Petaserpes rosalbus

Scientific classification
- Kingdom: Animalia
- Phylum: Arthropoda
- Subphylum: Myriapoda
- Class: Diplopoda
- Order: Polyzoniida
- Family: Polyzoniidae
- Genus: Petaserpes
- Species: P. rosalbus
- Binomial name: Petaserpes rosalbus Cope, 1870
- Synonyms: List Polyzonium rosalbum (Cope, 1879) ;

= Petaserpes rosalbus =

- Authority: Cope, 1870

Species of millipede

Petaserpes rosalbus is a species of millipede within the family Polyzoniidae. It is one of six recognised species within the genus Petaserpes. The species is native to North America, where it can be found living within the state of Virginia. P. rosalbus has been recorded to inhabit mountainous habitat at elevations up to 762 meters above sea level.

== Description ==
The head of Petaserpes rosalbus is short and broad, with straight sides that meet at an angle above 70 degrees. It is adorned with antennae that, when extended outward, do not reach the length of its midbody. The antennae possess thick joints. The body of P. rosalbus is strongly convex and consists of 50 to 60 segments. The body measures from 12 to 19 mm in length and approximately one-fifth or one-sixth as wide. The ocelli, usually three on each side, but occasionally four in some specimens, are positioned on the head. The rows of ocelli are separated by a distance greater than the diameter of an ocellus, and the posterior separation is usually three to four times as much.
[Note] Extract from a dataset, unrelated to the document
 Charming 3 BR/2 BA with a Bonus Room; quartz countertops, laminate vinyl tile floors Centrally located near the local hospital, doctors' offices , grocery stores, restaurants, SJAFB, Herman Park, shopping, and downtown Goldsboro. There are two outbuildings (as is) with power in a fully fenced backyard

On the fifth segment, the millipede possesses moderately low pores located on the sides, which open from a slight depression within a usually large pore pad. Other pores are found at nearly the same level, with a slight depression usually present behind them. The penultimate segment features narrowly rounded posterior corners, while the back margin is shallow to moderately emarginate at the middle. The last segment is broad and faintly rounded behind, with sides that strongly diverge cephalad. These structural characteristics contribute to the millipede's overall body shape and movement capabilities.
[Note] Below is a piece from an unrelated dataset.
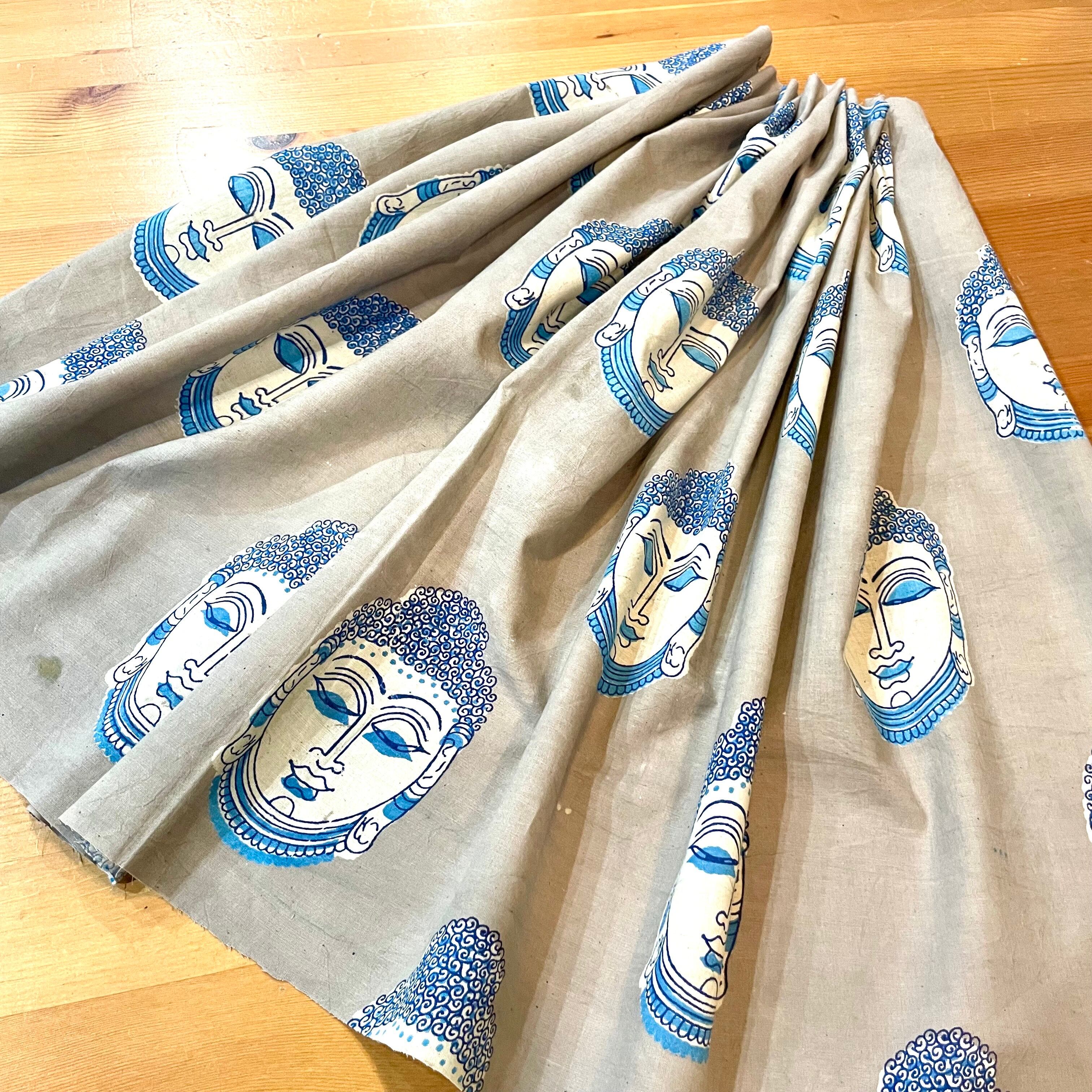 BP-025 インド更紗 ブロックプリント グレー ブルー 仏像 100cm幅 x 50cm 【商用利用OK】

The anterior gonopod of P. rosalbus exhibits a coxal lobe that rises behind joints 2 and 3, accompanied by an abrupt rise in the outer limit of the sternum. The first and second pair of legs have high coxal lobes that are elongated and somewhat hollowed on the inner anterior surface. The other leg joints are short and thick, each featuring a large, broadly oval pouch pit. The claws of the millipede's legs are slender, slightly curved, and acute at the tip, resembling the following legs. The sternum is wide, providing support and stability to the legs. The pregenital legs of P. rosalbus gradually become less thickened compared to the postgenital legs. The pouch pits on the pregenital legs are smaller but also oval in shape, while the postgenital pits are moderately large and rounded, some being broadly oval. The sterna of legs 3 to 8 are very broad, and those located behind the gonopods are narrow, with the coxae almost in contact.

== Defence mechanisms ==
When attacked by predatory insects such as ants, Petaserpes rosalbus will excrete a defensive fluid containing the spirocyclic terpene alkaloid compounds Polyzonimine and Nitropolyzonamine. The fluid is whitish in colour, sticky and has a strong odour. The secretion is released through opening glands on the millipedes sides and coats the millipedes body. Both of the compounds act as repellents and deterrents to predatory insects such as ants ensuring the millipede is protected from further attack as the predator is repelled.